What Went Wrong (And How I Found It)#

I started by reviewing nightly backup logs and quickly discovered failures across multiple nodes. That led to a full infrastructure audit that uncovered a chain of interconnected issues.

ZFS Data Corruption on NVMe#

Two containers on pve5’s M.2-ZFS pool were failing backups with I/O errors. The ZFS scrub came back clean, SMART showed zero media errors, and memtest passed. The corruption was occurring on different files in different containers on consecutive nights.

The root cause turned out to be ZFS ARC memory pressure. The ARC (Adaptive Replacement Cache) was uncapped and consuming over 5 GiB on a 32 GiB system already running 25 guests. Under heavy swap conditions, ZFS was occasionally writing corrupted data to the pool.

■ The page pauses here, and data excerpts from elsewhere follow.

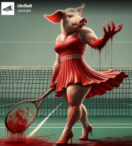 Sabalenka, acuzată în trecut că nu s-a dezis de regimul Lukașenko, s-a ales cu o caricatură horror: cap de porc și din mână și rachetă curgându-i sânge.
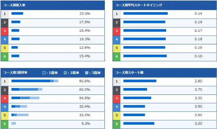 他コースだと2号艇・3号艇のコースが高くインコースが得意ということが読み取れますね。
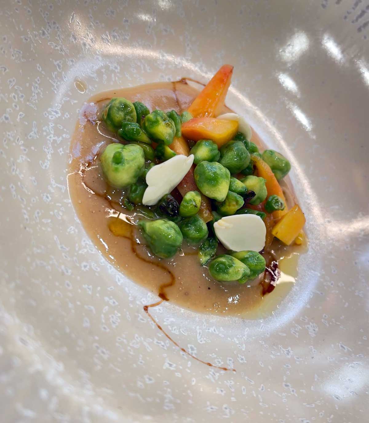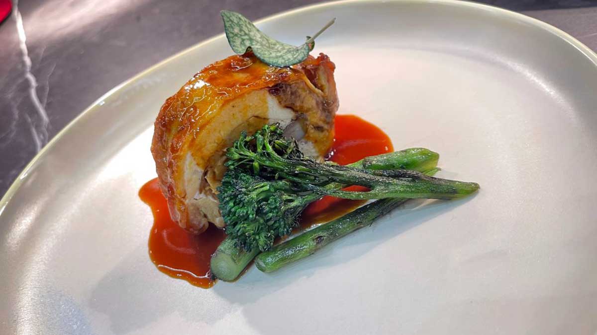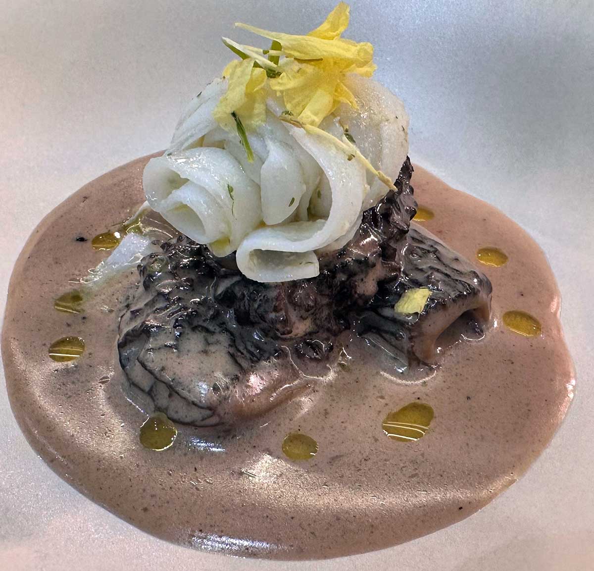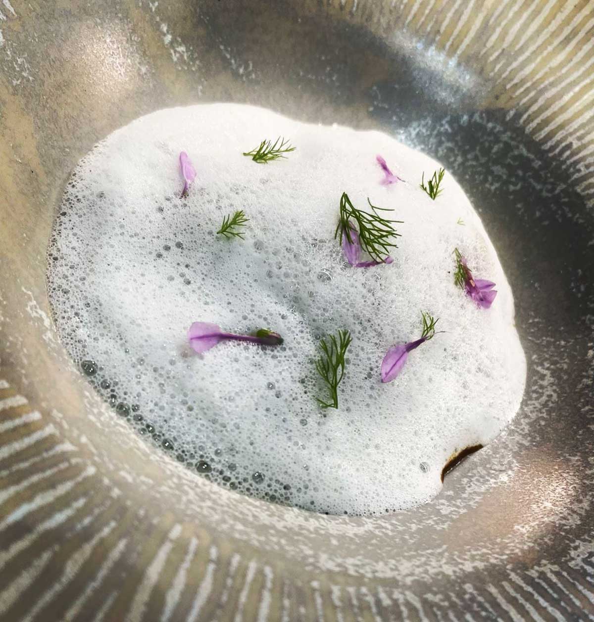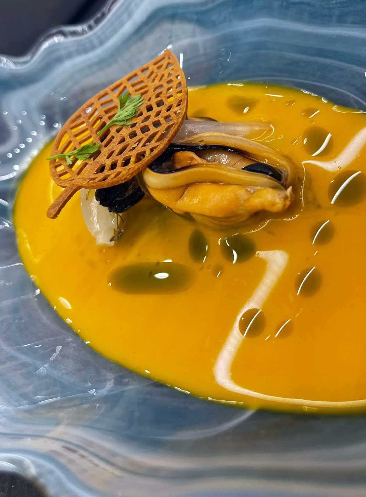 - Aire de queso parmesano gallego que cubre un canelón de pollo de campo con curry a la japonesa.

The fix: Cap the ARC to a reasonable size relative to total RAM.

# Immediate effect
echo 2147483648 > /sys/module/zfs/parameters/zfs_arc_max

# Persistent across reboots
echo "options zfs zfs_arc_max=2147483648" > /etc/modprobe.d/zfs.conf
update-initramfs -u

On a 32 GiB system, 2 GiB of ARC is sufficient for VM workloads. On pve2 with 128 GiB RAM, I set it to 8 GiB. The results were dramatic:

Node	ARC Before	ARC After	RAM Available Before	RAM Available After
pve5	5.4 GiB	1.5 GiB	3 GiB	17 GiB
pve3	15.6 GiB	1.3 GiB	6 GiB	21 GiB
pve2	64 GiB	7 GiB	~30 GiB	83 GiB

After capping the ARC, the recurring ZFS corruption stopped.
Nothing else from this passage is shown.